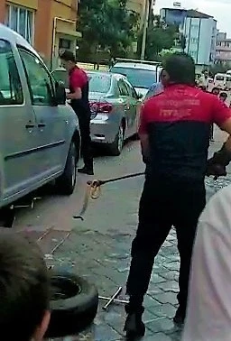Denizli’de park halindeki hafif ticari araca giren yılan, paniğe yol açtı. İtfaiyecilerin aracın tekerini sökerek ulaşabildiği yılan, uzun uğraşlar sonucu gizlendiği yerden çıkartılarak doğaya bırakıldı. Olay, Merkezefendi ilçesi Karaman Mahallesi’nde meydana geldi. Edinilen bilgiye göre; sokak üzerinde park halinde bulunan 20 F 3384 plakalı hafif ticari aracın altına bir yılan girdiğini gören vatandaşlar, durumu itfaiye ekiplerine bildirdi. Olay yerine gelen Denizli Büyükşehir Belediyesi itfaiye ekipleri, aracın alt aksamına gizlenen yılanı çıkarmak için yoğun çaba sarf etti. Araç sahibi ve çevrede toplanan kalabalığın meraklı gözlerle izlediği çalışmalarda, ekiplerin tüm uğraşlarına rağmen yılanın araçtan uzaklaşması sağlamadı. Son çare olarak aracın arka tekerlerinden birisini söken itfaiye ekipleri, özel gereçleriyle yılanı gizlendiği bölgeden çıkarmayı başardı. Kısa süreli paniğe neden olan yılan, doğaya bırakılmak üzere plastik bir bidona konuldu. Yılanın götürülmesi sonrası hem vatandaşlar hem de otomobil sürücüsü derin bir nefes aldı.
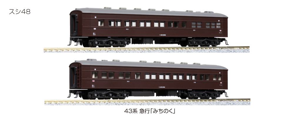 ?スシ48は原形の丸屋根で、ウィンドシル・ヘッダーリベットありの姿を再現。特徴的な3軸台車を再現。
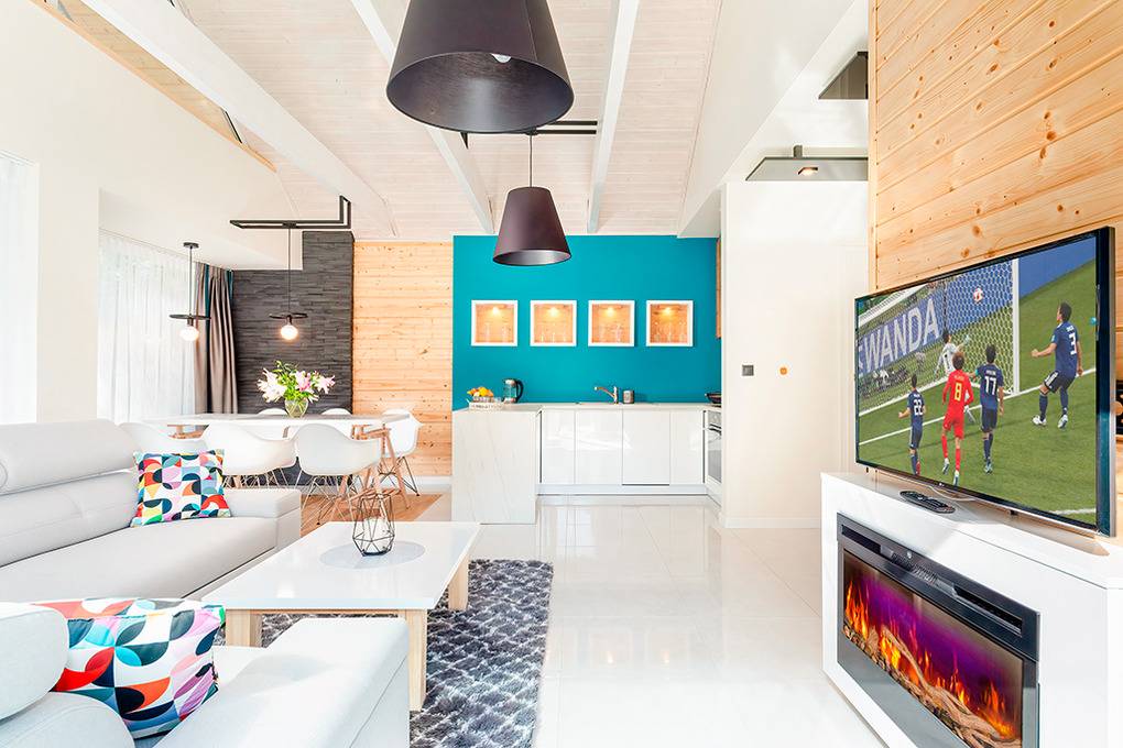 Mit viel Liebe zum Detail, maritim gestaltete, gemütliche Ferienhäuser mit moderner, freundlicher Einrichtung. Kostenloses Internet (W-Lan). Fußbodenheizung und Kühlung über Wärmepumpe, elektrischen Kamin. Warmwasser über E-Boiler (100 l). Terrasse mit Sitzmöbeln, Grill. 1 Parkplatz auf dem umzäunten Grundstück (Gebühr).
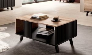Dotaz na produkt Na splátky ještě dnesKonferenční stolek z dubového dřeva s kombinací černé barvy. Materiál desky je dýhovaná MDF.

## Task details
Output the listing unchanged, pictures excluded.

## Final answer
Denizli’de park halindeki hafif ticari araca giren yılan, paniğe yol açtı. İtfaiyecilerin aracın tekerini sökerek ulaşabildiği yılan, uzun uğraşlar sonucu gizlendiği yerden çıkartılarak doğaya bırakıldı. Olay, Merkezefendi ilçesi Karaman Mahallesi’nde meydana geldi. Edinilen bilgiye göre; sokak üzerinde park halinde bulunan 20 F 3384 plakalı hafif ticari aracın altına bir yılan girdiğini gören vatandaşlar, durumu itfaiye ekiplerine bildirdi. Olay yerine gelen Denizli Büyükşehir Belediyesi itfaiye ekipleri, aracın alt aksamına gizlenen yılanı çıkarmak için yoğun çaba sarf etti. Araç sahibi ve çevrede toplanan kalabalığın meraklı gözlerle izlediği çalışmalarda, ekiplerin tüm uğraşlarına rağmen yılanın araçtan uzaklaşması sağlamadı. Son çare olarak aracın arka tekerlerinden birisini söken itfaiye ekipleri, özel gereçleriyle yılanı gizlendiği bölgeden çıkarmayı başardı. Kısa süreli paniğe neden olan yılan, doğaya bırakılmak üzere plastik bir bidona konuldu. Yılanın götürülmesi sonrası hem vatandaşlar hem de otomobil sürücüsü derin bir nefes aldı.
 ?スシ48は原形の丸屋根で、ウィンドシル・ヘッダーリベットありの姿を再現。特徴的な3軸台車を再現。
 Mit viel Liebe zum Detail, maritim gestaltete, gemütliche Ferienhäuser mit moderner, freundlicher Einrichtung. Kostenloses Internet (W-Lan). Fußbodenheizung und Kühlung über Wärmepumpe, elektrischen Kamin. Warmwasser über E-Boiler (100 l). Terrasse mit Sitzmöbeln, Grill. 1 Parkplatz auf dem umzäunten Grundstück (Gebühr).
Dotaz na produkt Na splátky ještě dnesKonferenční stolek z dubového dřeva s kombinací černé barvy. Materiál desky je dýhovaná MDF.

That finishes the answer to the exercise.